Scoring well on high-stakes standardized exams can make a significant difference in your future. If you have a learning disability you may be able to gain extra time on these tests, and The Brain Clinic can help provide the necessary documentation to do so.
High-stakes tests are required for acceptance into graduate level schools and universities including the LSAT, MCAT, GMAT, GRE, SAT, ACT, USMLE, and others. If you have a learning disability you may need extra time to complete these exams in order to score well enough to be accepted into the univeristy/college you deserve.
Dr. Thomas and his staff:
–have dealt with over 3,500 cases involving accommodations for high-stakes testing
-have a 95% success rate in these cases when a learning disability has been adequately documented
-have an extremely short turnaround time. Reports are typically available 1-2 weeks after the testing is completed and previous documentation has been submitted, compared to 3-6 weeks at most clinics
-are highly trained with degrees from UC Berkeley, Yale, CUNY, and Widener University
High-Stakes Testing Express:
The Brain Clinic offers a quick method for determining if you are likely to have a good case for getting extra time for high-stakes testing accommodations. All it takes is approximately 90 minutes of your time to determine if you will have a strong possibility of being granted. Fee is $350, and testing can be done on Saturdays.
What We Need From You:
– Medical and developmental (childhood) history
– School records dating from grammar school through high school. You will likely have to give the school(s) a written release to do this. Start this procedure as early as possible.

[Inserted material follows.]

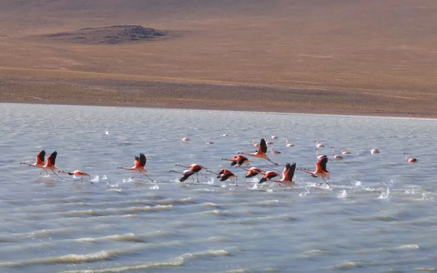 산 아래에는 거대한 호수가 펼쳐져 있었고, 호수 위에 홍학의 모습을 한 조형물이 잔뜩 세워져 있었다. 멀지 않은 곳에 수증기가 잔뜩 솟아 오르는 곳이 있었는데, 계란 썩는 냄새가 사방에 진동했다. 한때 화산이었음이 분명한 산꼭대기에는 하얀 눈이 핏줄처럼 서려 있었고, 담수가 분명한 호숫가에는 소금이 딱딱하게 굳어진 하얀 바닥이 이어졌다.

-Test reports and letters which document learning problems in your past. This includes letters from doctors, teachers, school officials, even relatives and parents, attesting to your learning problems (signed and dated).

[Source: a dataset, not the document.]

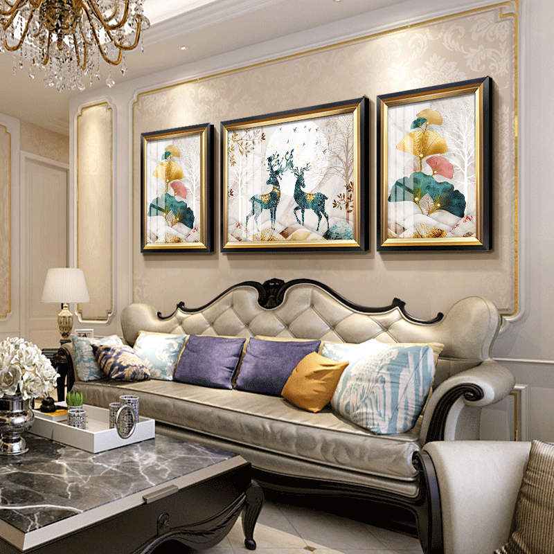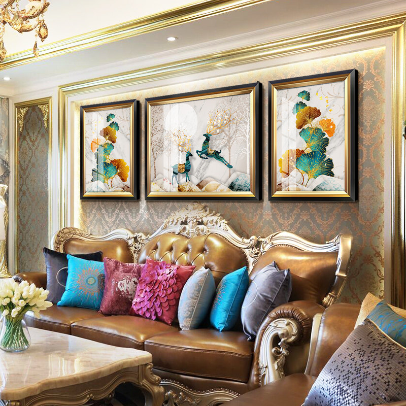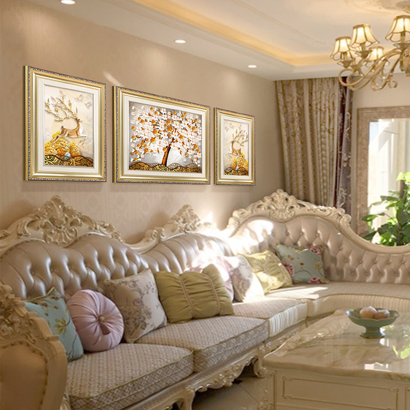 Living Room Decoration Painting Eu Style Sofa Background Wall Hanging Painting Light Extravagant Atmosphere Family Fresco triple light Extravagant Wall Painting

-A personal written statement detailing the learning problems you have had throughout your life. This can be emailed to Dr. Thomas. If you have not had accommodations in the past, you need to explain why. How is it you were not identified as being learning disabled as a child? What struggles did you go through? Did you get informal accommodations from teachers (like extra time on tests), or did someone help you a lot with homework (parent, tutor, grandma)?

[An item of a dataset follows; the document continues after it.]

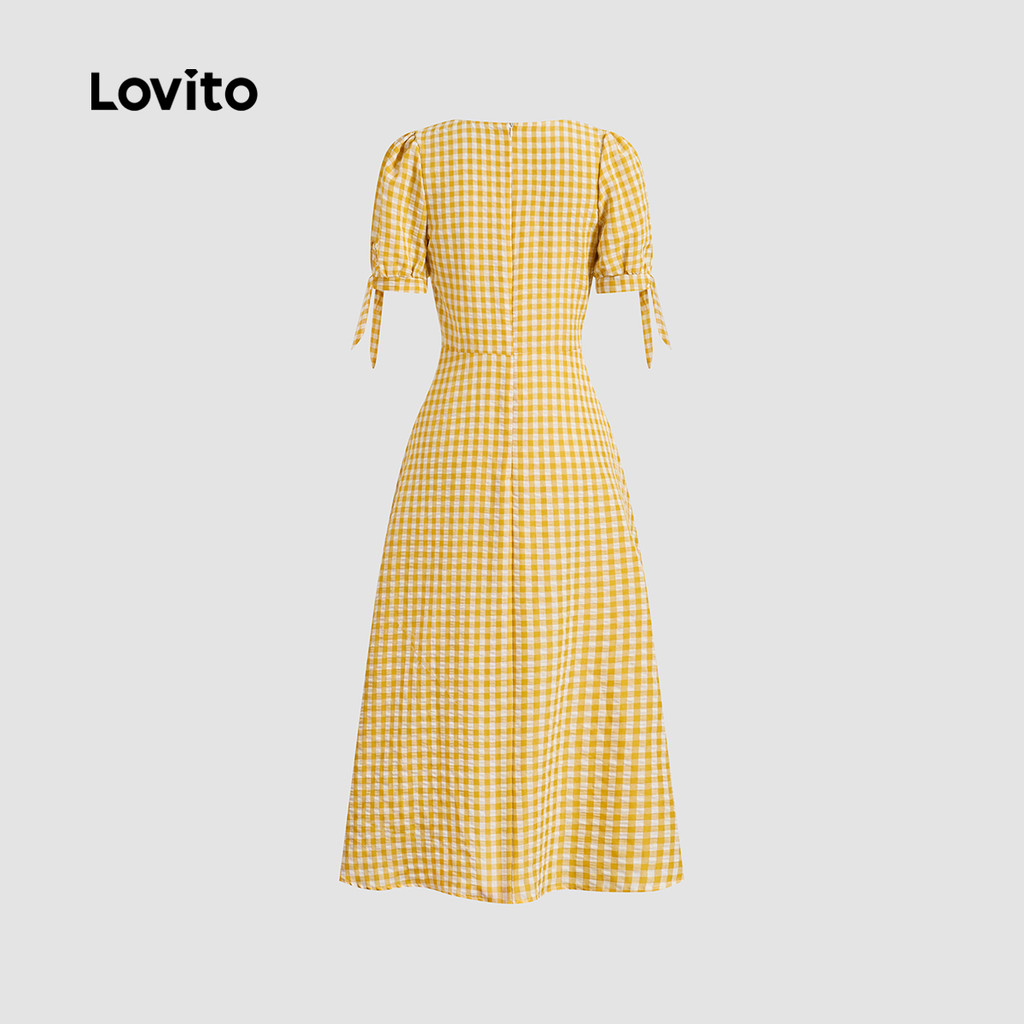 Lovito Vestido Boho de Renda com Zíper de Primavera/verão Vestido Amarelo para mulheres L142ED119

Please note: A report is more likely to be successful if there is a well-documented history of your disability; we need to show that you are not just trying to get an advantage by requesting extra time. These reports take time to write, and they often end up being lengthy. The report will be finished after submitting the final materials; a report without complications will take about 10 business days to write. Reports are released when the payment is paid in full.
Please fill out the following form to be contacted by someone at the The Brain Clinic. We do a great deal of testing for applications for extended time on high-stakes exams. The requirements for applying for extended time on standardized tests are demanding and vary from one testing organization to another. Dr. Thomas can help determine exactly how much testing and supplemental material would be helpful for your case but it is your responsibility to find out what the specific requirements and expectations are. Usually, the information for extended time requirements can be found on the testing organization's web site. You must build a case for your request which includes extensive testing, a detailed report, as well as additional materials such as school records, letters from doctors, tutors, family members and teachers. The earlier you start, the better chance you have of building a strong case. Although Dr. Thomas has a high rate of success with these cases, there is no guarantee that your request will be granted.